# Tencent Gaming Buddy (PUBG mobile) sound glitch and freeze



## vonKoga (Oct 26, 2018)

PUBG mobile on the mentioned emulator has a tendency to freeze, especially on the start of the match, or when a lot of enemies around. Sound and game freezes for a few seconds, and sounds stucks sounding similar to "robot voice".

I attached configuration from the emulator and the game, so if someone has any experience with this or a solution, please help.


----------



## 27MaD (Oct 26, 2018)

Bro , u can run the PC version of PUBG (lowest settings) , just ignore the emulator , it's so glitchy.

& btw idk why r u running a dual core I3 with a 1080 and 16GB of RAM , get ur self a better CPU , ur mobo supports up to I7 7700K so u have tons of better CPU'S then ur i3 that r supported by ur mobo.

At least an I5 6400 , it's not a beast , but it should be far far ahead from the 6100.


----------



## Vya Domus (Oct 26, 2018)

27MaD said:


> Bro , u can run the PC version of PUBG (lowest settings) , just ignore the emulator , it's so glitchy.



I am guessing he does that so that he can play against mobile players.


----------



## 27MaD (Oct 26, 2018)

Vya Domus said:


> I am guessing he does that so that he can play against mobile players.
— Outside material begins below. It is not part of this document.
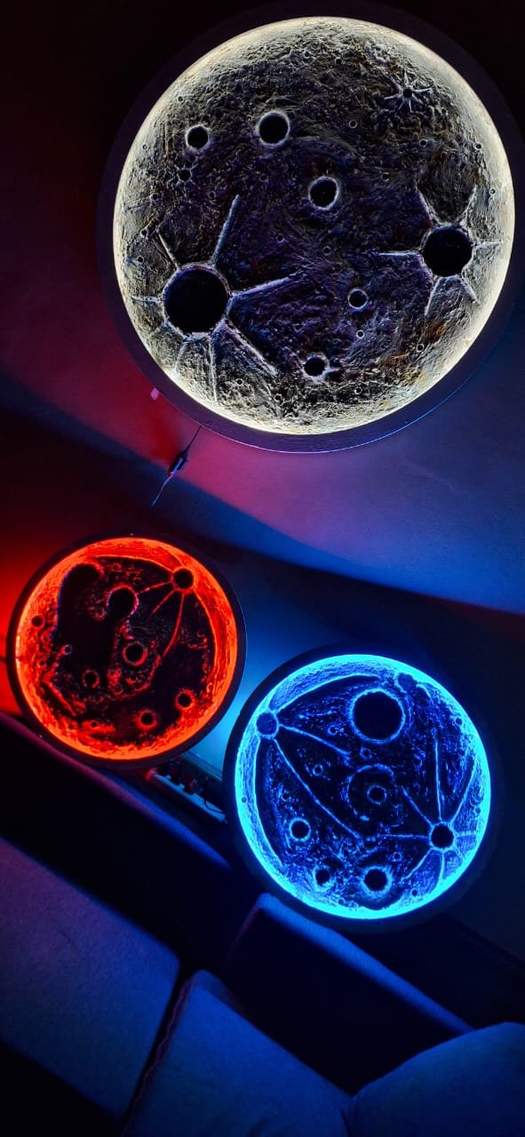 Somos Auraluna. Creamos obras lumínicas lunares artesanales, hechas completamente a mano desde cero, cuidando cada relieve y textura para lograr un efecto 3D casi realista. Te acompañamos a elegir tu luna ideal y respondemos todas tus dudas: medidas, opciones, tiempos de entrega e instalación. Cada luna es única, creada con dedicación para transformar la energía de cualquier espacio!

He can't , Tencent gaming buddy allows u to play only with the people using the emulator like u , i tried it my self.


----------



## vonKoga (Jan 9, 2019)

27MaD said:


> Bro , u can run the PC version of PUBG (lowest settings) , just ignore the emulator , it's so glitchy.
> 
> & btw idk why r u running a dual core I3 with a 1080 and 16GB of RAM , get ur self a better CPU , ur mobo supports up to I7 7700K so u have tons of better CPU'S then ur i3 that r supported by ur mobo.
> 
> At least an I5 6400 , it's not a beast , but it should be far far ahead from the 6100.



Thanks for the info. In the meantime i bought some new components, and the glitch wasn't appearing, but the servers are laggy, and in almost every game goes out of sync for a minute. I gave up on this emulator, and started playing the pc version.


----------



## 27MaD (Jan 9, 2019)

vonKoga said:


> Thanks for the info. In the meantime i bought some new components, and the glitch wasn't appearing, but the servers are laggy, and in almost every game goes out of sync for a minute. I gave up on this emulator, and started playing the pc version.


Congrats , as i can see in your system specs , you've got a new mobo + CPU , that's a big improvement from the i3 6100.


----------